Secondary analysis: dose-response meta-analysis

Five studies reporting RRs of HbA1c across a cut-off could not be converted into effects per 1-unit change (Supplementary Table 2). As shown in Figs. 2, 1-unit increment of HbA1c (%) was associated with increased risks of all-cause mortality (13 studies; 9207 subjects and 3145 deaths; RR: 1.04; 95% CI: 1.01–1.08; p = 0.016) and cancer-specific mortality (4 studies; 1717 subjects and 86 cancer-specific deaths; 1.11; 1.04–1.20; p = 0.003) but not cancer recurrence (3 studies; 1524 subjects of which 443 with a cancer recurrence; 1.15; 0.97–1.37; p = 0.110). We observed moderate heterogeneity for all-cause mortality (I2 59.6%; p = 0.003; Fig. 2) and potential small-study effects for both all-cause mortality (Egger’s test, p = 0.040) and cancer-specific mortality (p = 0.018; Fig. 3).
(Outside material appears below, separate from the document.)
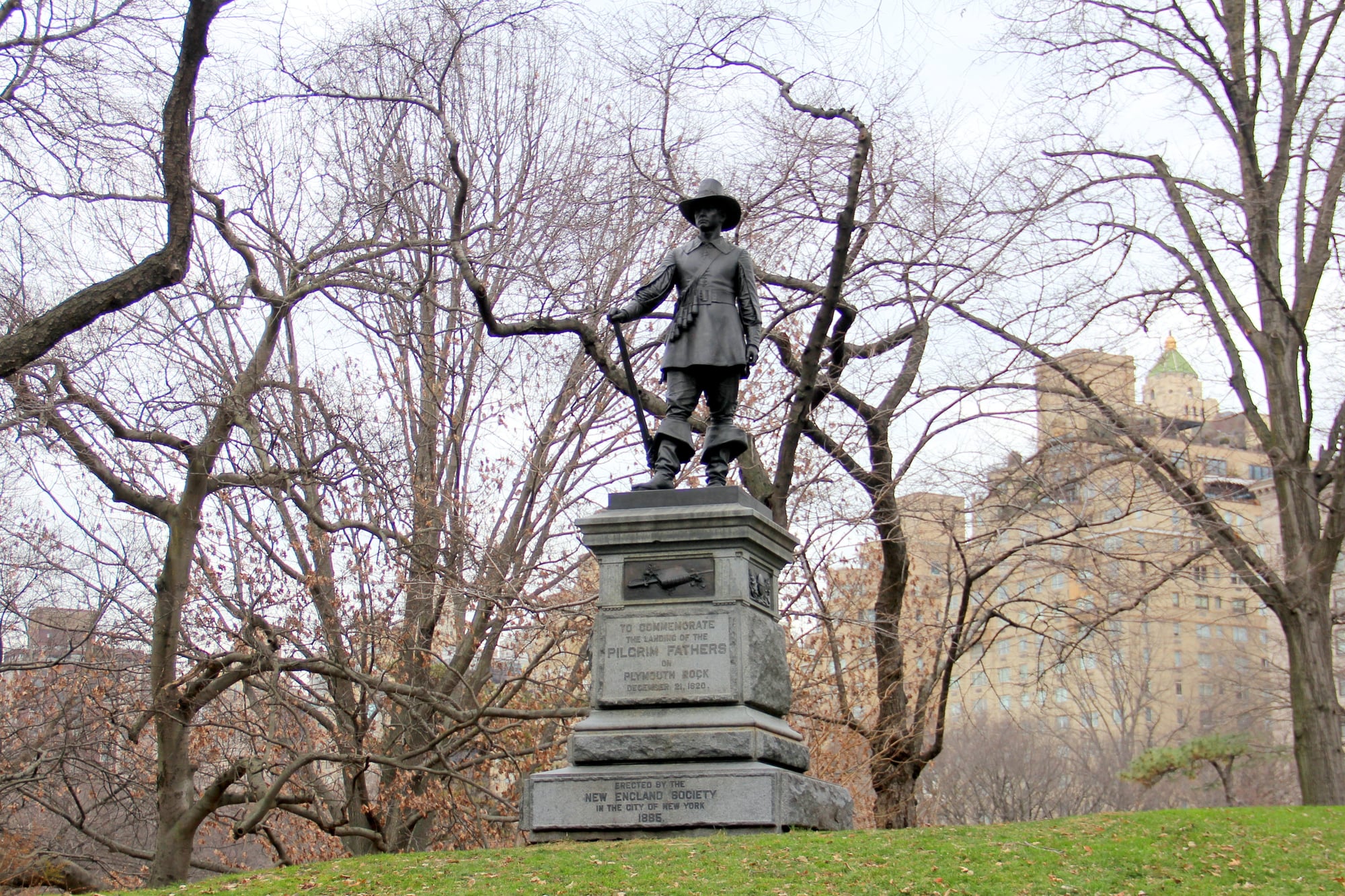 John Quincy Adams Ward’s sculpture by East 72nd captures a Pilgrim stepping ahead, bible tucked under his arm – hinting at faith driving the trip. It points back to Plymouth Rock’s moment in 1620.

Taken potential unpublished studies into account, the trim-and-fill analyses showed pooled RRs of 1.02 (95% CI: 0.98–1.06; p = 0.374) and 1.08 (1.00–1.17; p = 0.053) for all-cause mortality and cancer-specific mortality, respectively (Supplementary Table 4); Supplementary Fig. 2 shows the corresponding funnel plots.

Subgroup analyses

We also conducted subgroup analysis by limiting the inclusion to studies of high quality (NOS score ≥ 6): results are shown in Supplementary Fig. 3. RRs were slightly attenuated for all-cause mortality but strengthened for cancer-specific mortality and cancer recurrence. For the comparison of poorly vs. well controlled HbA1c, the RR was 1.03 (95% CI: 1.00–1.07; p = 0.041) for all-cause mortality, 2.06 (1.11–3.82; p = 0.021) for cancer-specific mortality, and 1.71 (1.10–12.65; p = 0.018) for cancer recurrence. Heterogeneity across studies was slightly reduced for cancer-specific mortality but not for all-cause mortality or cancer recurrence.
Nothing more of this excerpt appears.